PUBLIC AI Index: MDE 13/016/2009
04 March 2009
UA 60/09 Fear of torture and other ill-treatment
IRAN Sanaz Allahyari (f) All students
Nasim Roshana’i (f)
Maryam Sheikh (f)
Amir Hossein Mohammadi-Far (m)
The four students named above, and possibly others, affiliated to the students’ rights body, Students for
Freedom and Equality (Daneshjouyan-e Azadi Khah va Beraber Talab), were arrested on 01 March and have
reportedly been transferred to Evin prison. Amnesty International fears that they are at risk of torture or other
ill-treatment while in detention.
They may have been detained in connection with a demonstration held on 23 February, at Amir Kabir
University to protest against the government burying the remains of soldiers killed during the Iran-Iraq war
between 1980 and 1988 on university campuses.
Since December there have been waves of arbitrary arrests and harassment of students, particularly directed
against members of Iran's religious and ethnic minorities, trade unionists and women's rights activists. These
measures may in part be intended to stifle debate and to silence critics of the authorities in advance of the
forthcoming presidential election in June 2009.
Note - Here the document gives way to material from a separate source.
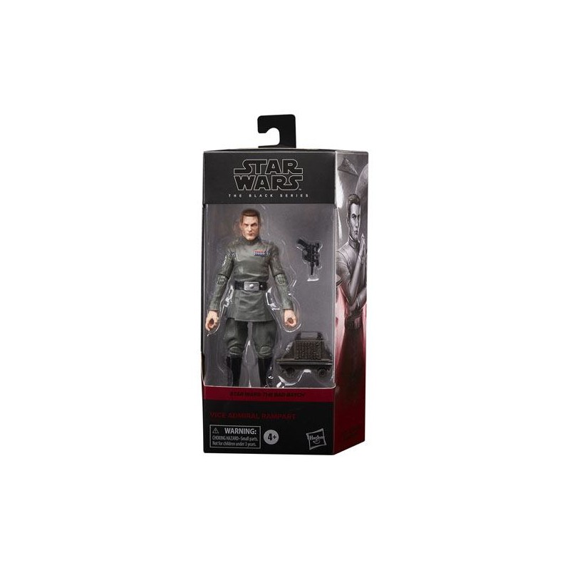 Hasbro presenta dentro de su colección Back Black Series la figura del Vice Almirant Rampart basada en el aspecto de la nueva serie animada de la saga de Strar Wars "The Bad Batch". Se trata de una figura articulada de unos 15 cm de alto con gran calidad y detalle. Incluye pistola blaster como complemento y un droide ratón.
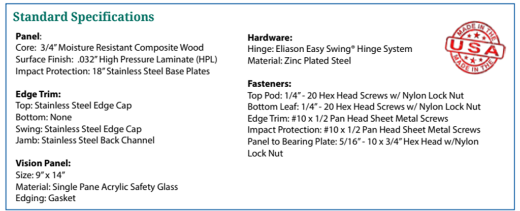 These doors operate on the Easy Swing Hinge System pioneered by Eliason more than fifty years ago, and still the smoothest-operating and most reliable hinge system on the market today. Custom windows, unique laminate designs and impact plate configurations are never a problem at Eliason.

More than 70 students were detained on 23 February during a peaceful demonstration held by students at
Tehran’s Amir Kabir University in protest at the government’s burial on campus of soldiers’ remains
Many of the student temporarily detained during the demonstration were reportedly ill-treated. Others were
taken to Police Station 107 at Palestine Square where there were also reports that students were ill-treated.
Female students were said to have been insulted by police officers. Most of those arrested were released by
the following morning although, more arrests of students were made in the days following the demonstration,
including Abbas Hakimzadeh, Mehdi Mashayekhi, Nariman Mostafavi and Ahmad Qasaban, members of the
Islamic Students Association (ISA) of Amir Kabir University.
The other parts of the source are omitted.